I recently set up a maths group on a wing where people do not want to come off for whatever reason. It’s a lovely thing to do. You get four or five men who have agreed to work together in a group down on the wing and have a maths session - I’ll talk to some who are self-isolators (those who don’t come out at all) or visit the prison workshop and encourage people to attend the college. Sometimes prisoners want to get up to speed on their basic skills in maths and English before taking a five-week course. They need quite a strong knowledge base before starting maths and English at entry level 3, to progress on to level 1 (GCSE grades E-D/2-3) and level 2 (GCSE grades A*-C/4-9). It’s all preparation for life and employment.
A typical day might include leading a group of entry-level learners who are upskilling their reading. We might have a reading group, work as a small group, or one to one.

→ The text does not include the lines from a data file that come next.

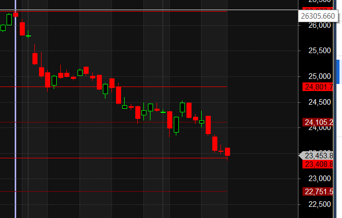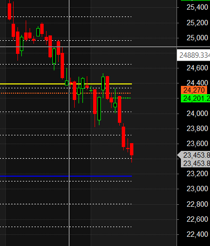 Tomorrow, we have the weekly close (as Friday is a trading holiday), marking the 7th week of decline. The second half of tomorrow’s session is crucial, as it could lead to short covering if the price holds above 23,512.
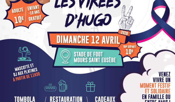 Les virées d'Hugo - 2ème édition !! marchons ensemble pour la bonne cause, dimanche 12 avril 2026 au départ du stade de foot de Mours Saint Eusèbe, à partir de 10h. 3 Parcours : 2.5 km, 5 km, 8 km.
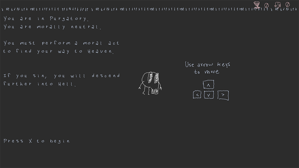 infinite hell is a game in which you explore hell and try to achieve moral salvation. it has some roguelike features and procedural generation of maps and audio. it was made as part of the persistent roguelike jam in march 2020 and procjam in decemeber 2020.
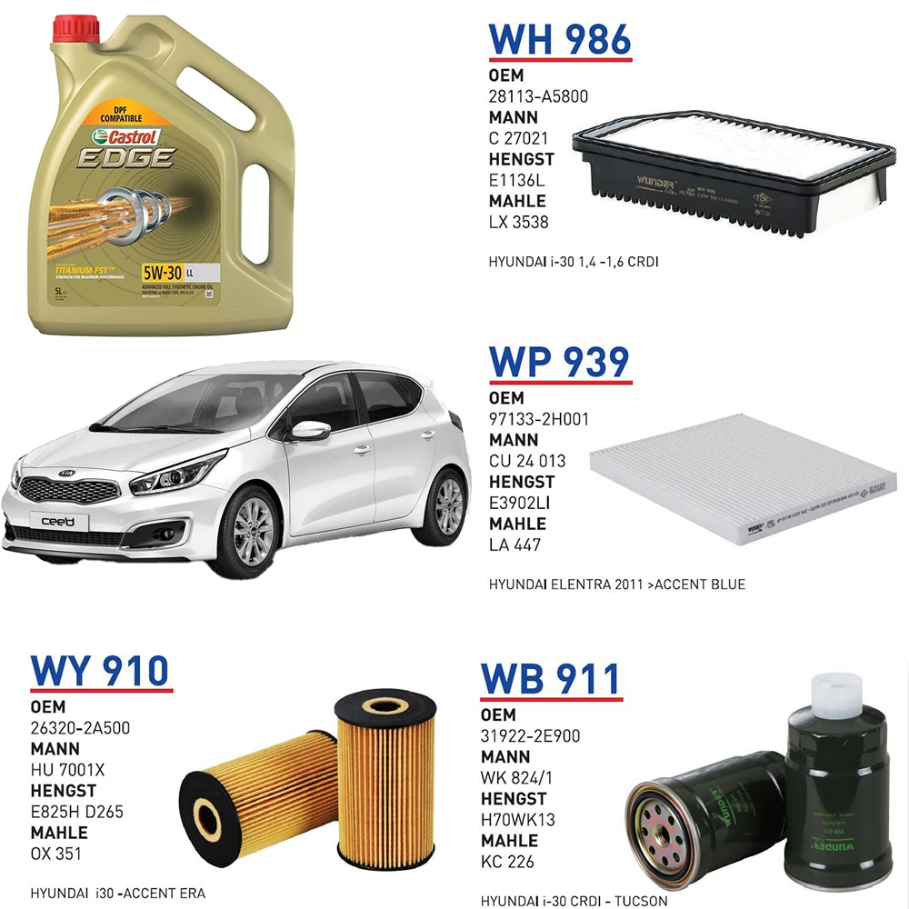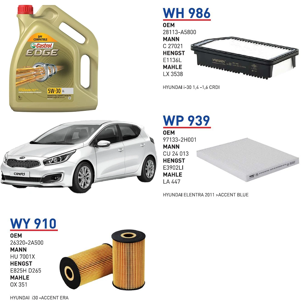 Kia Ceed 1.6 Crdi 94 KW 128 Hp 2012 ve Üstü Yağ bakım Seti

A peer mentor might have one learner or have a guy who has just finished learning to read and then write. It’s a complete mixture. I also do resits so if anyone fails an exam. I will revise areas with them that they need to upskill before resitting. Most pass the second time around.
I was able to tell a learner he had passed his entry-level 3 English. He said it was the first time he had remained on a course long enough to gain a qualification. He will undoubtedly benefit from his achievement both in confidence and self-esteem; he has chosen to remain in education.
Interaction, fun, humour (which they just love) and allowing them to be creative on their own. Plus innovation and something different (not school-based), so I try not to use many worksheets. They like showing what they can do: one recent learner was fond of poetry and drama so I asked him to read a poem relating to a particular, culturally-themed month. If I know a learner has a particular skill I encourage them to share what they know to build up their confidence. One strategy that works well is to ask a learner to ‘take over’ and teach their peers a concept - the more I can get learners to come to the front to talk and write on the whiteboard, the more confident they become in work and life skills, such as holding discussions and public speaking. I always stress we are working together as a team - it’s true adult education.
I had an outreach reading group with learners who had learnt to read with the Shannon Trust, a voluntary organisation using trained volunteer prisoners as mentors. One man in the college wrote a short story which we photocopied on an A3-size piece of paper and separated it up between seven men who’d learned to read. The group spent a month learning their bit, then attended a Shannon Trust open morning, where people receive certificates and celebrate the workbooks they had completed. They all stood up and read out their parts of the story individually. I was so proud - it was a lovely moment. The power of learning to read is phenomenal, it’s life-changing.
Endless patience, plenty of energy, open-mindedness, seeing prisoners as learners in their own right, forgiving, positive and not being judgmental! Also, don’t let anyone down like saying you’ll write them a reference and then don’t. Being innovative and adaptable is key, as every five minutes is different … what you have planned that day may never happen! Be prepared to teach anywhere; be it on a bench in a garden, an allotment, wing, classroom, workshop, anywhere …
You normally need a degree and a PGCE - but you can also come in if you have a wealth of experience in a vocational subject and then gain a teaching qualification sponsored by your college once you’re in post. Learners go on to do level 2 qualifications before applying to do distance learning HE qualifications in subjects such as business management, sports physiology and accountancy. One guy has just got his law degree.
Making a difference and knowing I’m able to help someone realise what they can achieve. Even just entering the college doors for the first time and then going into the library is, for some people, a huge challenge to have overcome.